Indeed, as Rothbart et al. (2000, p. 130) pointed out, "purely descriptive models of
personality do not readily lend themselves to making predictions about
interactions...they tend to reinforce a simple trait-based model of personality."  In
conclusion, it appears that the currently popular FFM should be replaced with an
expanded and altogether more inclusive model of dynamic personality structure.

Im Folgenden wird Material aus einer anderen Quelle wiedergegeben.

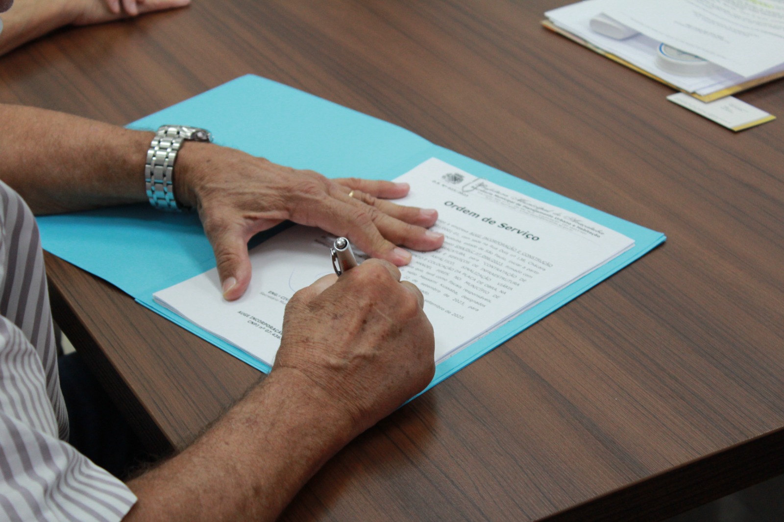 O prefeito Dilador Borges assinou a ordem de serviço, na presença da vice-prefeita Edna Flor, do chefe de gabinete e do secretário de Governo. Além do assessor executivo da Secretaria Municipal de Planejamento Urbano e Habitação, Claudiocir Fernandes e do representante da empresa.
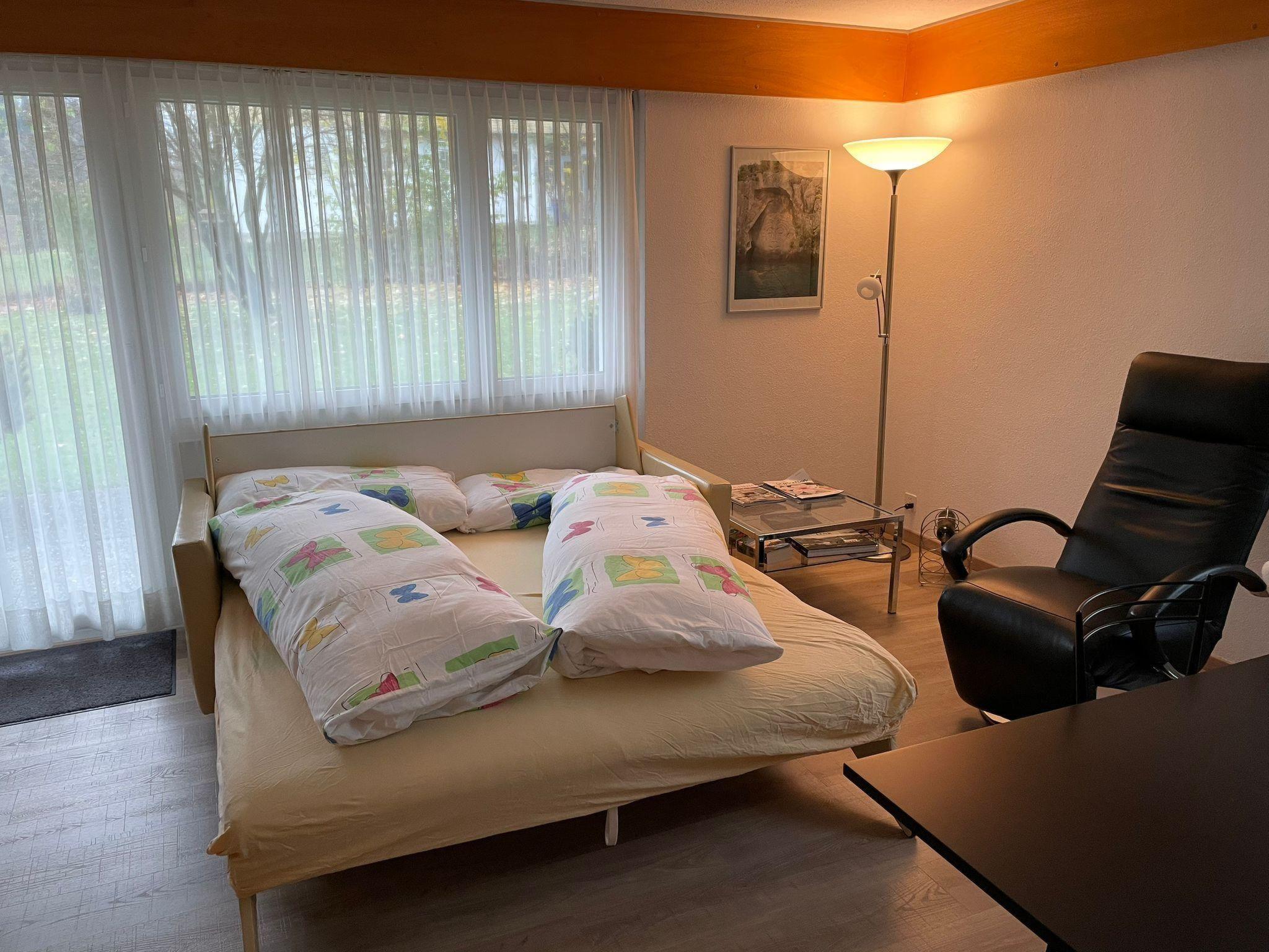 50 m2. More information by the provider: Rcentrly renovated 2.5 room apartment, very centrally located, on the ground floor with private terrace/grill and access to the garden. 5 minutes walk to Wallbach Bad and Walleg Ski Station, 10 minutes walk to the village center. Directly at the bus stop which leads free of charge to the train station or ski stations. The apartment is quiet and central at the same time. It is ideal for couples or families with 2 children.
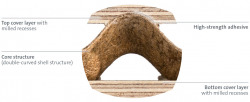Materiāla lieliskās īpašības ir panāktas, pateicoties tā unikālajai struktūrai, kas sastāv no diviem ārējiem slāņiem un trīsdimensiju kopozītmateriāla vidusslāņa. Personalizēti frēzēti dobumi ārējos slāņos un augstas stiprības līme nodrošina plātņu stabilitāti iespējamas deformācijas apstākļos.
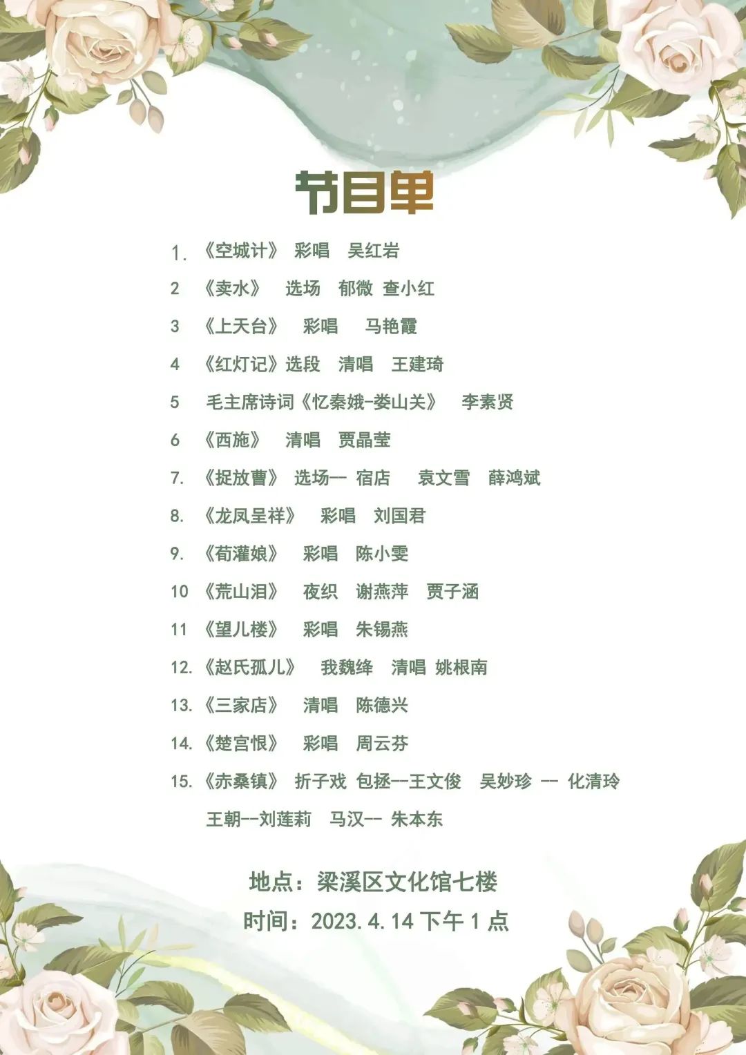 春满江南百花艳,国粹添香独一支。在这人间独美的四月锡城,由梁溪区文化馆主办,梁溪区文化馆京剧票友会和梁溪区文化馆京剧队承办的“幸福梁溪·相约有你”2023梁溪区特色文艺团队展演——《京剧专场》于4月14日下午1:00在梁溪区文化馆七楼剧场举办。
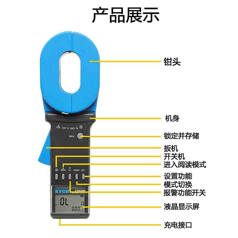 ETCR2200高端多功能鉗形接地電阻儀又稱鉗形接地電阻表、單鉗接地電阻測試儀、環(huán)路電阻測試儀、防雷接地電阻表、防雷地阻儀,用于接地電阻、回路電阻測量、接地電流測量、接地故障判斷。在測量有回路的接地系統(tǒng)時,不需斷開接地引下線,不需輔助接地極,安全快速、使用簡便。鉗形接地電阻儀廣泛應(yīng)用于電力、電信、氣象、油田、建筑及工業(yè)電氣設(shè)備等的接地電阻測量、回路電阻測量。長鉗口特別適宜于扁鋼接地的場所。
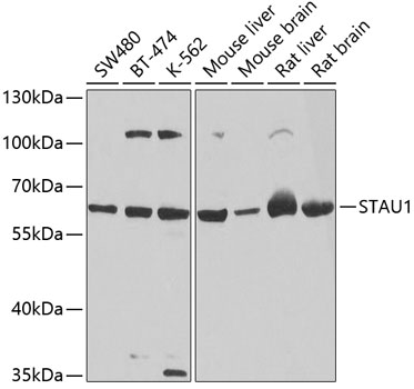 免疫原描述Recombinant fusion protein of human STAU1 (NP_059347.2).
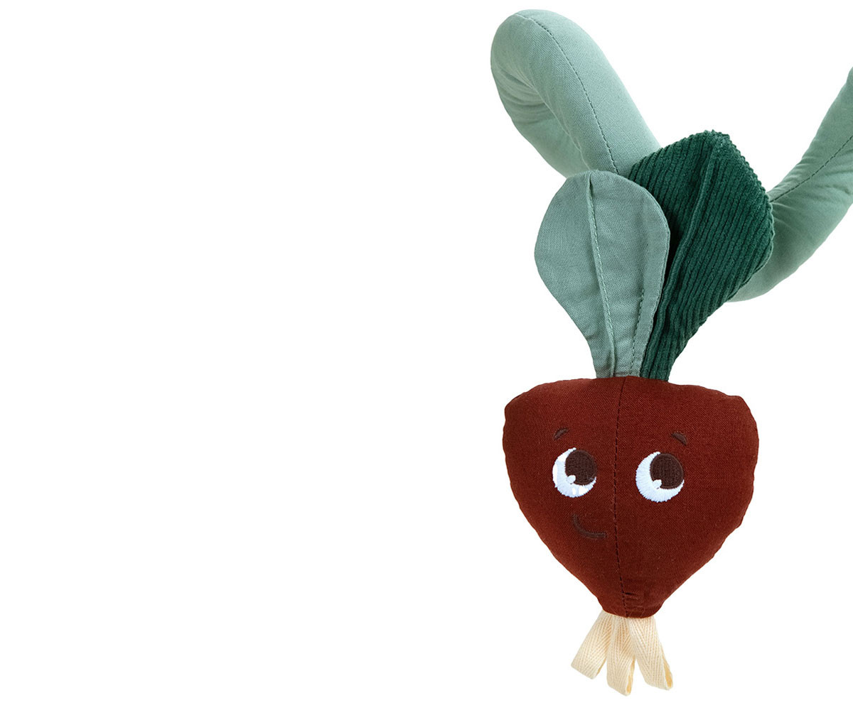 - Цвекло с памучни панделки и текстурирани листа от муселин и памук - стимулира фината моторика;
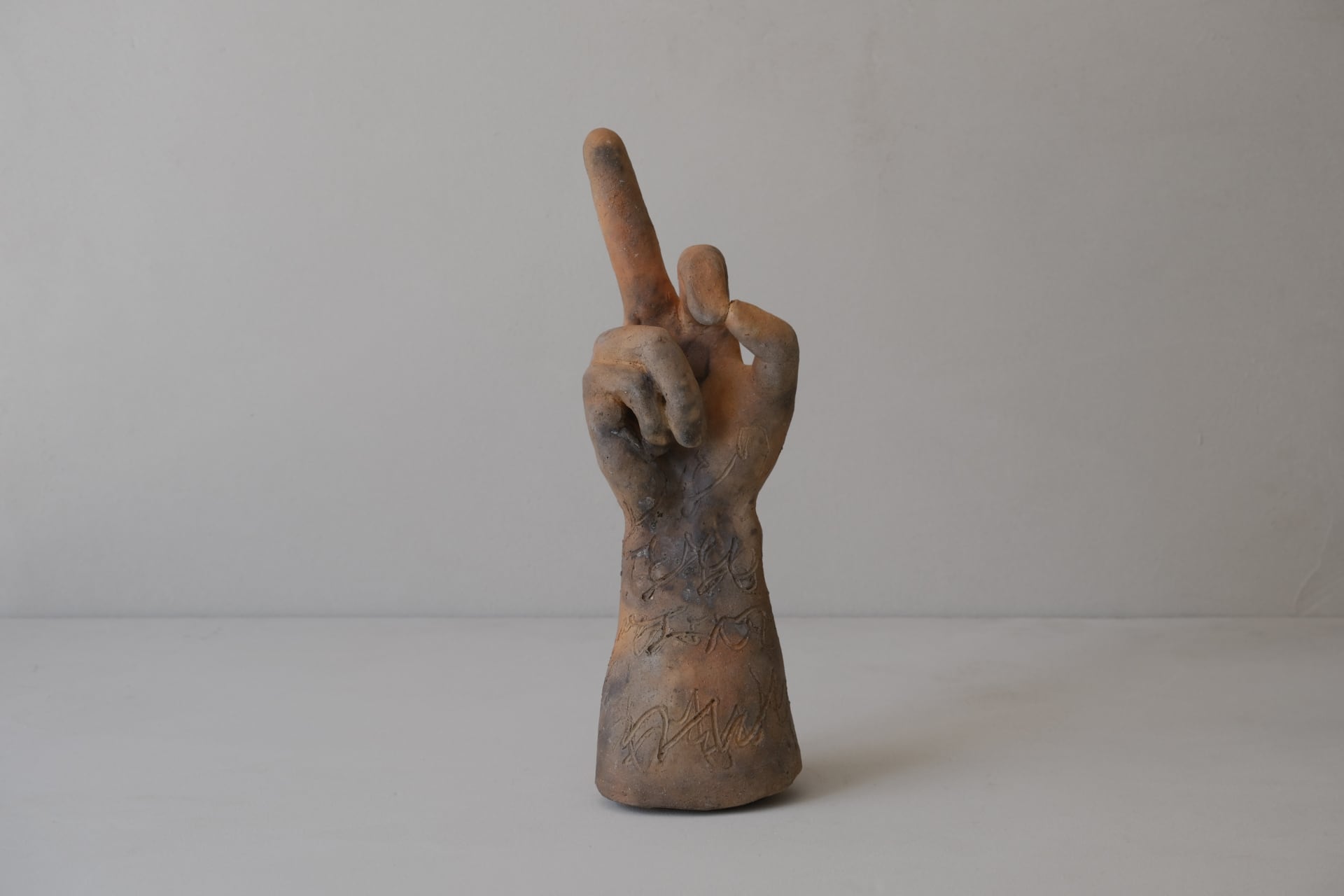 ※ご購入前に「ABOUT」にある「Shopping guide」を必ずご確認ください。 size(cm) w12.0×d13.0×h35.0 外山慧個展「確か」出展作品。 千葉で採掘した土を原土のまま成形し、野焼きで焼成しています。 腕の部分には平仮名で書かれたメッセージが彫り込まれ、さながらタトゥーのように模様が展開しています。 手と具 / 外山慧

so wie ich das verstehe, geht es um folgendes:

  • ist halt ein Modell und keine Simulation
  • es gibts bei Pathologien damit wohl keine Blumentopf zu gewinnen
  • das Modell ignoriert physiologische/neurochemische Vorgänge
  • durch die geringe Anzahl getesteter Eigenschaften sind Vorhersagen ungenau
  • Modell kann keine Unterschiede nach biologischen Geschlecht (sex) abbilden (ergo ungenau)
  • keine genauen (bzw. belastbaren) vorhersagen für real-life settings möglich
  • bei unter 30jährigen [habe ich woanders gelesen] schwanken die Daten mit jeder neuen Erhebung deutlich. Danach werden sie konstanter.
         hier wäre anzumerken, dass das kein Widerspruch in sich sein muss:
         einerseits ist der test dann nämlich für Schülerstudien (in USA beliebt) und Jobassessment in jungen Jahren ungeeignet - keiner würde bei zeitlicher Monatsdifferenz von einer weitgehenden Persönlichkeitsveränderung in der Masse ausgehen
        andererseits bleiben die Daten nach dem 30sten Lebensjahr über sehr lange Zeiträume auffällig konstant, obwohl die Persönlichkeitsstruktur der Leute doch auch danach noch Veränderungen durchmacht, nur halt eben kaum im Test
  • methodische Irritationen in der Erhebung und oder Auswertung der Daten für BigFive-Eigenschaften
  • statisches Konzept, welches Lernprozesse ausklammert
  • kein theoriebasiertes fundament vorhanden. stattdessen salopp formuliert: faktoranalytische Zahlenspiele mittels Statistikprogrammen
  • abschließendes zusammenfassendes zitat:
    ZitatIndeed, as Rothbart et al. (2000, p. 130) pointed out, "purely descriptive models of
    personality do not readily lend themselves to making predictions about
    interactions
    ...they tend to reinforce a simple trait-based model of personality." In
    conclusion, it appears that the currently popular FFM should be replaced with an
    expanded and altogether more inclusive model of dynamic personality structure.
    fett von mir
    bezieht sich auf:
    ZitatRothbart, M. K., Ahadi, S. A., & Evans, D. E. (2000). Temperament and personality:
    Origins and outcomes. Journal of Personality and Social Psychology, 78, 122-135.
    hier wäre anzumerken, dass Berufs- Projekt- etc -settings genau auf dieser Interaktionsebene funktionieren oder scheitern, Aussagen hierzu aber eben mittels Big Five nicht unproblematisch sind.
die englische wp argumentiert vergleichbar im Kritikteil.

Es geht nicht darum, dass ich unbedingt gegenhalten möchte, ich habe von psychometire so gut wie null ahnung, bin aber interessiert. mir wäre es halt und erleichterung, wenn es so richtig gute tools gäbe um psyche, neigung, persönlichkeit zu vermessen (alles politische außen vor gelassen).
mir sind die unzulänglichkeiten von IQ-tests bekannt - IQ-tests messen die fähigkeit ebensolche auszufüllen. ebenso bin ich mit der schwierigkeit gute fragebögen zu konstruieren vertraut.
gruppendynamiken mit ein paar wenigen variablen feststellen zu wollen halte ich berufsbedingt für illusorisch - konkret ist es schon anspruchsvoll eben solche mittels videoaufzeichnung überhaupt herausarbeiten zu können.

zugleich stelle ich aktuell in weiterem umfeld fest, dass der glaube an psychologische messverfahren verbreitet ist und, für meinen geschmack, recht oft quasi-religiös daherkommt. daher mein bohren.